= Provided records =
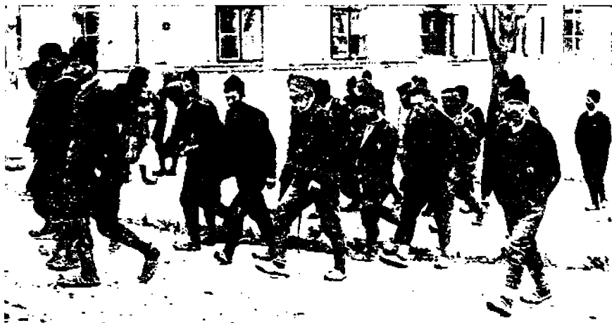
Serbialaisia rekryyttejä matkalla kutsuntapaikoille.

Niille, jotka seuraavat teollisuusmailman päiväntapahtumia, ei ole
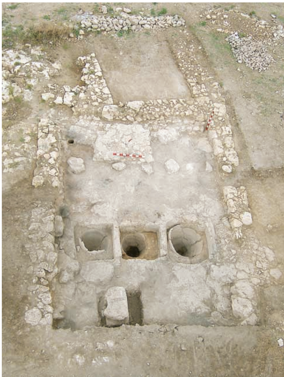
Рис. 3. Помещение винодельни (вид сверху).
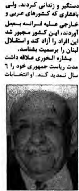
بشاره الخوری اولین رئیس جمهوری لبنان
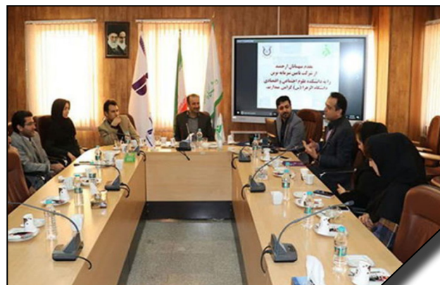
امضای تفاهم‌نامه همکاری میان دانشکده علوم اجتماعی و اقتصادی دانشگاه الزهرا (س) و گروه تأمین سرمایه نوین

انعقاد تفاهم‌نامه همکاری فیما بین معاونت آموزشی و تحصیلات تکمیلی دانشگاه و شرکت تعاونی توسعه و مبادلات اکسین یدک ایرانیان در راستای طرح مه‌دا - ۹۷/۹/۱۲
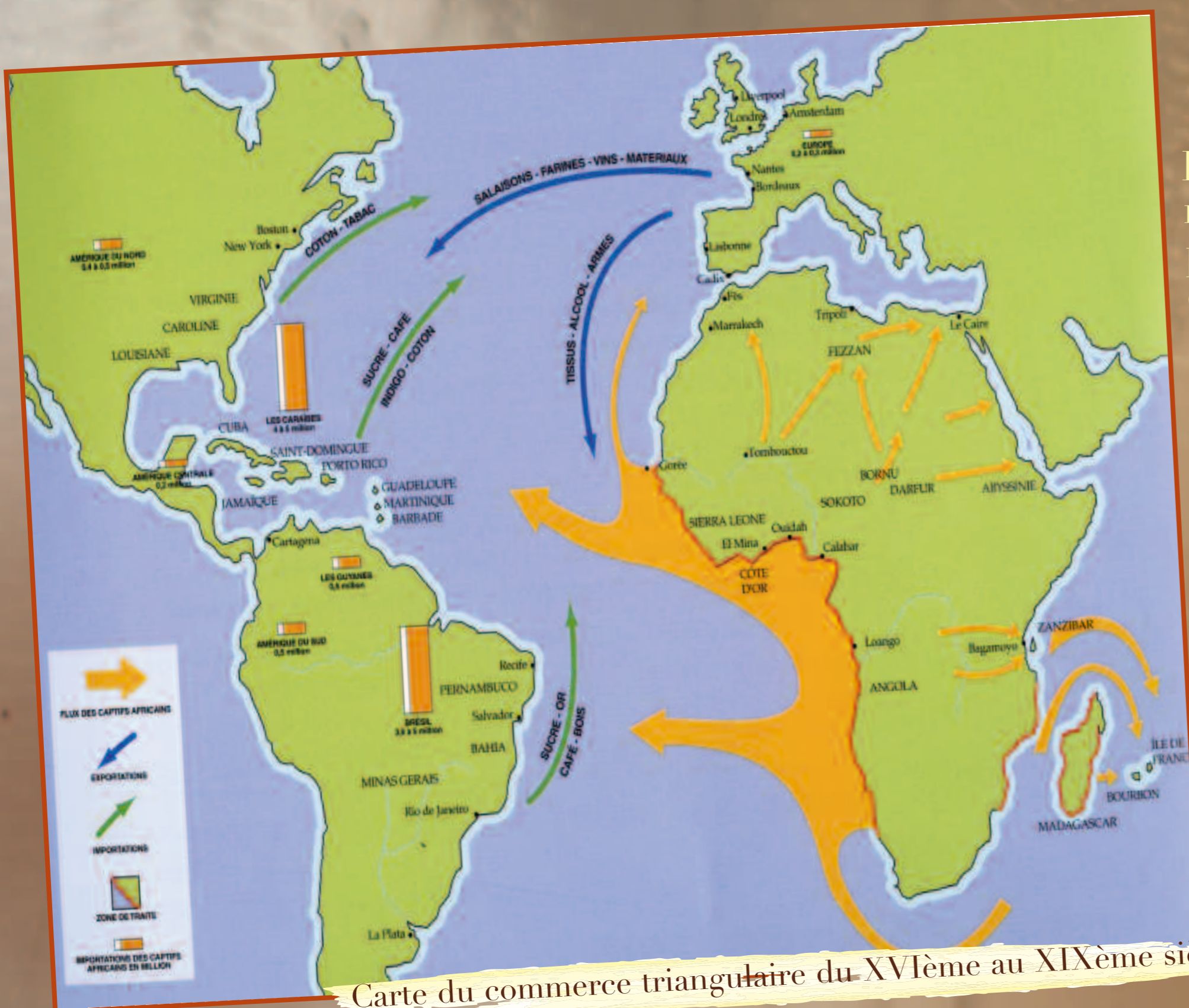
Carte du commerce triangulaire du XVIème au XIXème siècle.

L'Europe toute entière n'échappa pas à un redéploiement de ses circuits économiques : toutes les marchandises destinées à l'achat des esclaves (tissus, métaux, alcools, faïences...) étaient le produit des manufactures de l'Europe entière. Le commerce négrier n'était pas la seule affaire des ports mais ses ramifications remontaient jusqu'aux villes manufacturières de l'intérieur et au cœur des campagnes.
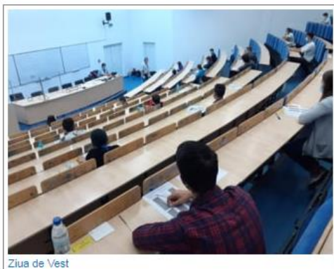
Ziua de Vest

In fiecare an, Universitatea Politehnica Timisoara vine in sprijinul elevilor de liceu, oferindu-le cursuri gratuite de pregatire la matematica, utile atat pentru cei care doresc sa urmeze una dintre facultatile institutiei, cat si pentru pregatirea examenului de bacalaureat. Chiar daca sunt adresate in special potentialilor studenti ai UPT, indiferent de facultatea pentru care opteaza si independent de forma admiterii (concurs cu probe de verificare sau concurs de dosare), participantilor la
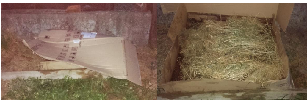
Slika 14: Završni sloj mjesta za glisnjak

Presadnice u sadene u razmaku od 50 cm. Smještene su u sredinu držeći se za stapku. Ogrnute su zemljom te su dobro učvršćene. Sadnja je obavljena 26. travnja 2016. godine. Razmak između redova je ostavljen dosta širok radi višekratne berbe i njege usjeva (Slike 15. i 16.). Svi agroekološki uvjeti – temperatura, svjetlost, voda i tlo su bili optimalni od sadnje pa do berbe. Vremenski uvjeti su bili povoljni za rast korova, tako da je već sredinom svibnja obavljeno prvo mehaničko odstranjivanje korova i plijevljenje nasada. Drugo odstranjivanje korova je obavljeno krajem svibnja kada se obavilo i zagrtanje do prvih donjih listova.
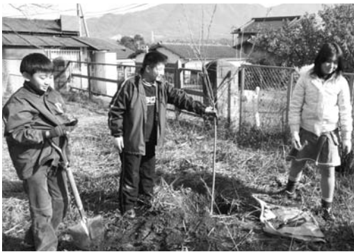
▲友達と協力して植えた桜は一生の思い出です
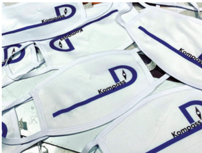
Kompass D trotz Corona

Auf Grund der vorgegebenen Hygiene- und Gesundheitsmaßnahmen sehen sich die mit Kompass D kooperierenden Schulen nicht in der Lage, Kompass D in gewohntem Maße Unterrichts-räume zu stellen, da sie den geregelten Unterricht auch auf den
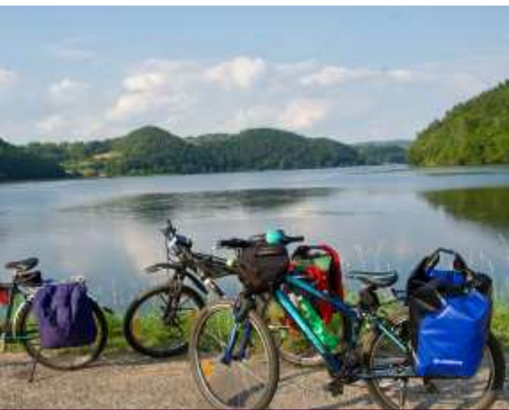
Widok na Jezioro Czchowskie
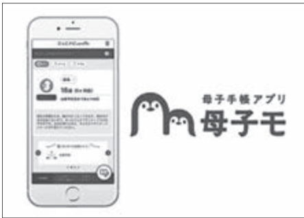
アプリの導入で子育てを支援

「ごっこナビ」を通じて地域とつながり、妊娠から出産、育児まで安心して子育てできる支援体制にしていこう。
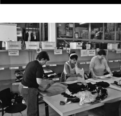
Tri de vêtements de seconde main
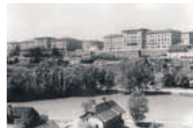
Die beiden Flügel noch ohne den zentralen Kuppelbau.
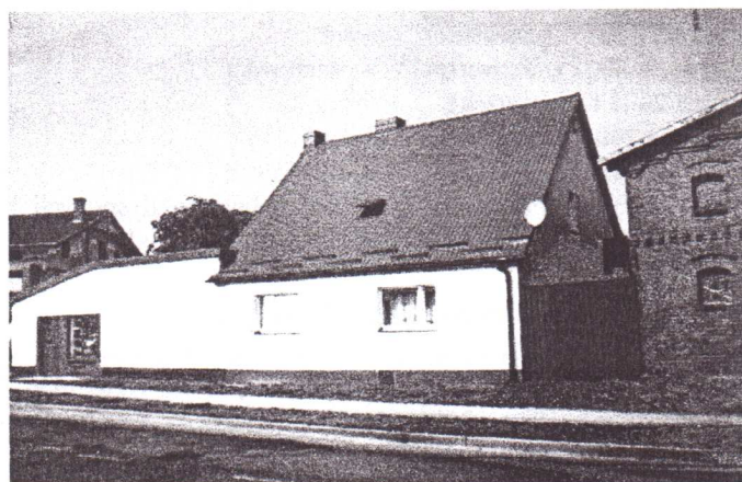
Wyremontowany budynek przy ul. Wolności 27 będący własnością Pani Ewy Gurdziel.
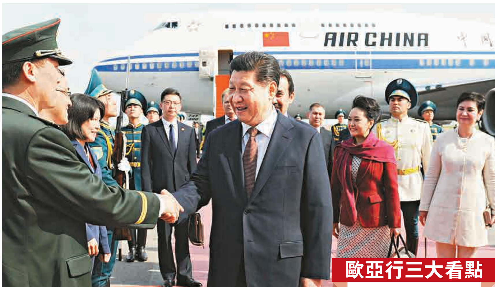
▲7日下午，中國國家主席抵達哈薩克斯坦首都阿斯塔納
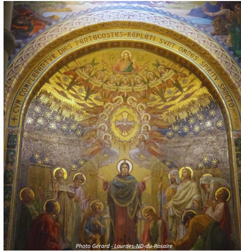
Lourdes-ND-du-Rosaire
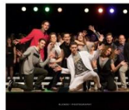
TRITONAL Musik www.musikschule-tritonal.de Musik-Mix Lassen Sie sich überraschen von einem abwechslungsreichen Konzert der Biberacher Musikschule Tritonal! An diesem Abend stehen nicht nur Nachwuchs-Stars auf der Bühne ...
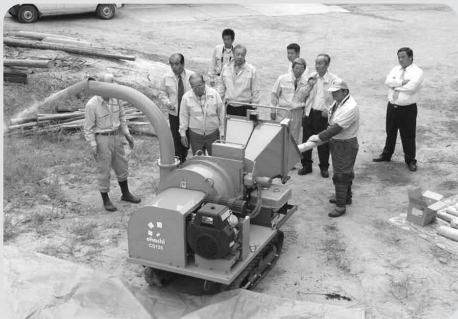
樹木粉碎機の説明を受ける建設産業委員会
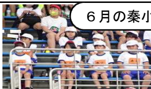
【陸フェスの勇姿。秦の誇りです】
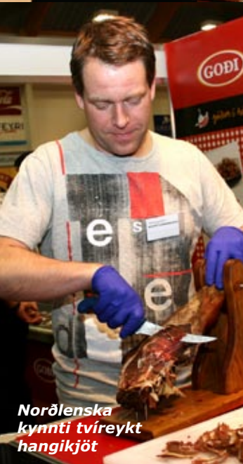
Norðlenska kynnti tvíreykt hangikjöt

= To do =
Although pictures appear among the records above, write out exactly only the lines from the one that has "بشاره الخوری اولین رئیس جمهوری لبنان" through the one that has "Kompass D trotz Corona", and leave the pictures out.

= Your solution =
بشاره الخوری اولین رئیس جمهوری لبنان
امضای تفاهم‌نامه همکاری میان دانشکده علوم اجتماعی و اقتصادی دانشگاه الزهرا (س) و گروه تأمین سرمایه نوین

انعقاد تفاهم‌نامه همکاری فیما بین معاونت آموزشی و تحصیلات تکمیلی دانشگاه و شرکت تعاونی توسعه و مبادلات اکسین یدک ایرانیان در راستای طرح مه‌دا - ۹۷/۹/۱۲
Carte du commerce triangulaire du XVIème au XIXème siècle.

L'Europe toute entière n'échappa pas à un redéploiement de ses circuits économiques : toutes les marchandises destinées à l'achat des esclaves (tissus, métaux, alcools, faïences...) étaient le produit des manufactures de l'Europe entière. Le commerce négrier n'était pas la seule affaire des ports mais ses ramifications remontaient jusqu'aux villes manufacturières de l'intérieur et au cœur des campagnes.
Ziua de Vest

In fiecare an, Universitatea Politehnica Timisoara vine in sprijinul elevilor de liceu, oferindu-le cursuri gratuite de pregatire la matematica, utile atat pentru cei care doresc sa urmeze una dintre facultatile institutiei, cat si pentru pregatirea examenului de bacalaureat. Chiar daca sunt adresate in special potentialilor studenti ai UPT, indiferent de facultatea pentru care opteaza si independent de forma admiterii (concurs cu probe de verificare sau concurs de dosare), participantilor la
Slika 14: Završni sloj mjesta za glisnjak

Presadnice u sadene u razmaku od 50 cm. Smještene su u sredinu držeći se za stapku. Ogrnute su zemljom te su dobro učvršćene. Sadnja je obavljena 26. travnja 2016. godine. Razmak između redova je ostavljen dosta širok radi višekratne berbe i njege usjeva (Slike 15. i 16.). Svi agroekološki uvjeti – temperatura, svjetlost, voda i tlo su bili optimalni od sadnje pa do berbe. Vremenski uvjeti su bili povoljni za rast korova, tako da je već sredinom svibnja obavljeno prvo mehaničko odstranjivanje korova i plijevljenje nasada. Drugo odstranjivanje korova je obavljeno krajem svibnja kada se obavilo i zagrtanje do prvih donjih listova.
▲友達と協力して植えた桜は一生の思い出です
Kompass D trotz Corona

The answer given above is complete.